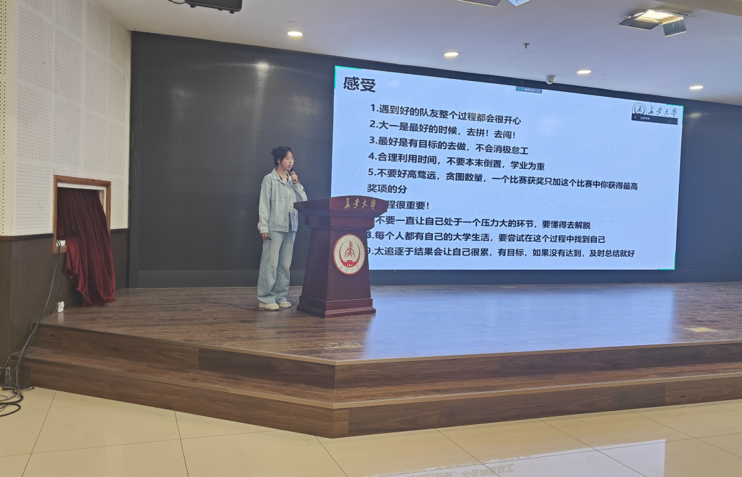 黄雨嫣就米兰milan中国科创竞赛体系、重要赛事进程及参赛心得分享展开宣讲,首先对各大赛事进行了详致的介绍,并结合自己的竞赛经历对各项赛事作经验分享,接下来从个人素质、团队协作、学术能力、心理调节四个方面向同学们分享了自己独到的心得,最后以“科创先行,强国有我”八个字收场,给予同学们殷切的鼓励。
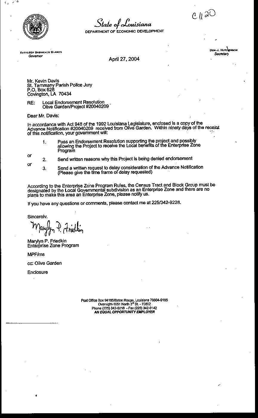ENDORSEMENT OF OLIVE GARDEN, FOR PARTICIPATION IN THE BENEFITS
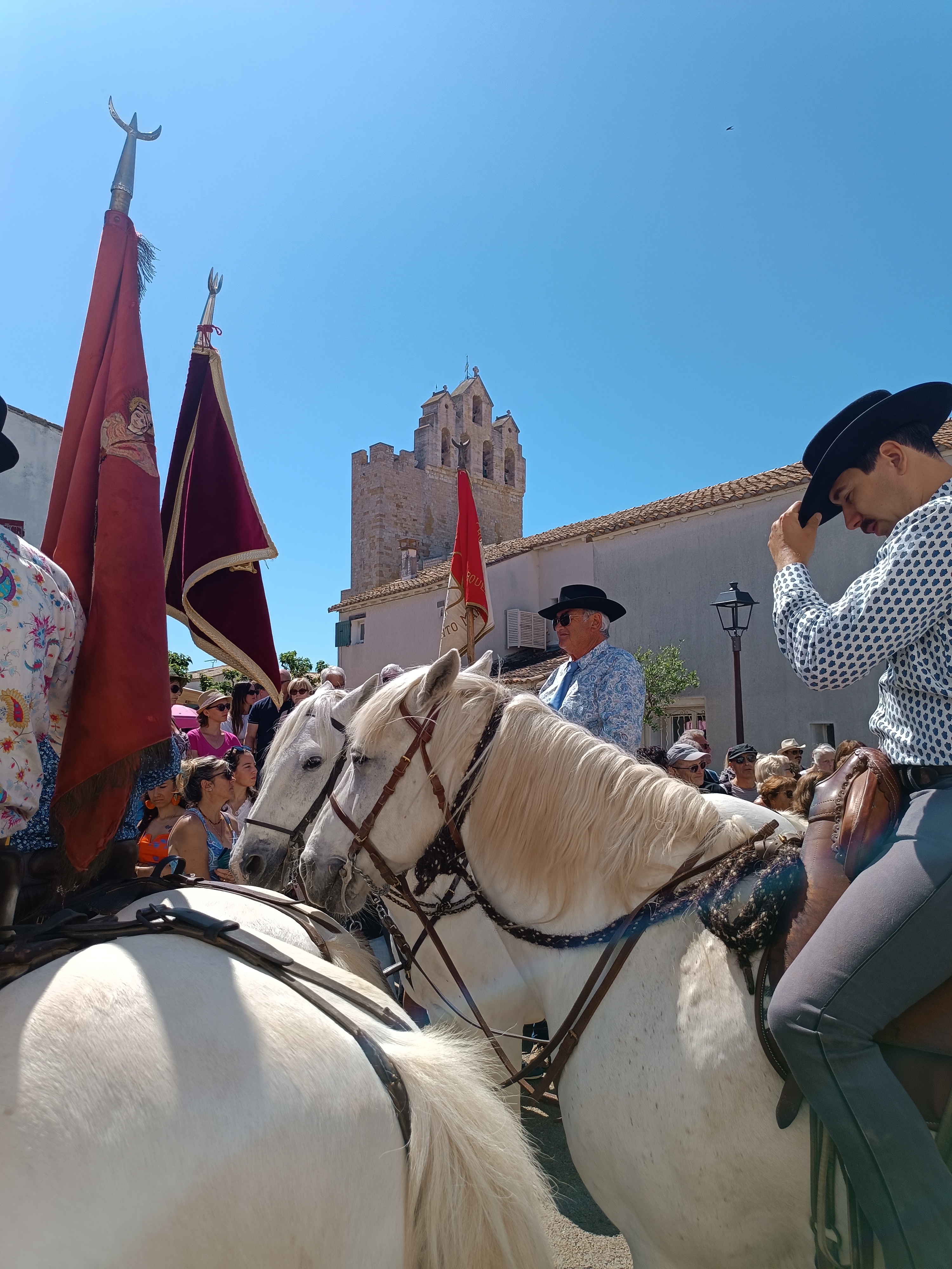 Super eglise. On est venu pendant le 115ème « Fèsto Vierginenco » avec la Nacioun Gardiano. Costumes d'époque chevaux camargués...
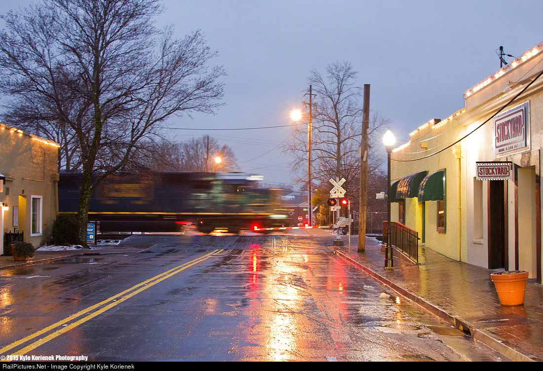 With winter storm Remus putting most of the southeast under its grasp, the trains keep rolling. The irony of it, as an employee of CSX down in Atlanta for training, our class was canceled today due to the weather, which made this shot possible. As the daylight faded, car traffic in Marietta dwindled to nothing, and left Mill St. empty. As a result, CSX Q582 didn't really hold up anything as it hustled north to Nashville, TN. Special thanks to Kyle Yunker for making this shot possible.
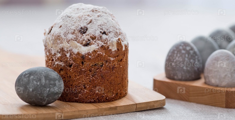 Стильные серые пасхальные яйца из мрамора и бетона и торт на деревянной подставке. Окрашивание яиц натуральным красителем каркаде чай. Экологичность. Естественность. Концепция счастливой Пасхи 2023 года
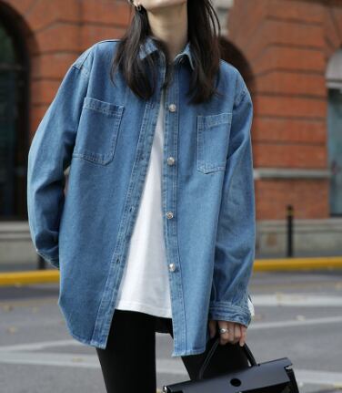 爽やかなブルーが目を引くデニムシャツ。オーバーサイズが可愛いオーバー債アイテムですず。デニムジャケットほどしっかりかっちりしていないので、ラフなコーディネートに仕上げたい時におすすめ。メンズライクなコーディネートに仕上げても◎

(TASK PROMPT): Leave the pictures out. Extract exactly the lines running from the one with "With winter storm" through the last entry, both ends included.

(RESPONSE TO THIS TASK):
 With winter storm Remus putting most of the southeast under its grasp, the trains keep rolling. The irony of it, as an employee of CSX down in Atlanta for training, our class was canceled today due to the weather, which made this shot possible. As the daylight faded, car traffic in Marietta dwindled to nothing, and left Mill St. empty. As a result, CSX Q582 didn't really hold up anything as it hustled north to Nashville, TN. Special thanks to Kyle Yunker for making this shot possible.
 Стильные серые пасхальные яйца из мрамора и бетона и торт на деревянной подставке. Окрашивание яиц натуральным красителем каркаде чай. Экологичность. Естественность. Концепция счастливой Пасхи 2023 года
 爽やかなブルーが目を引くデニムシャツ。オーバーサイズが可愛いオーバー債アイテムですず。デニムジャケットほどしっかりかっちりしていないので、ラフなコーディネートに仕上げたい時におすすめ。メンズライクなコーディネートに仕上げても◎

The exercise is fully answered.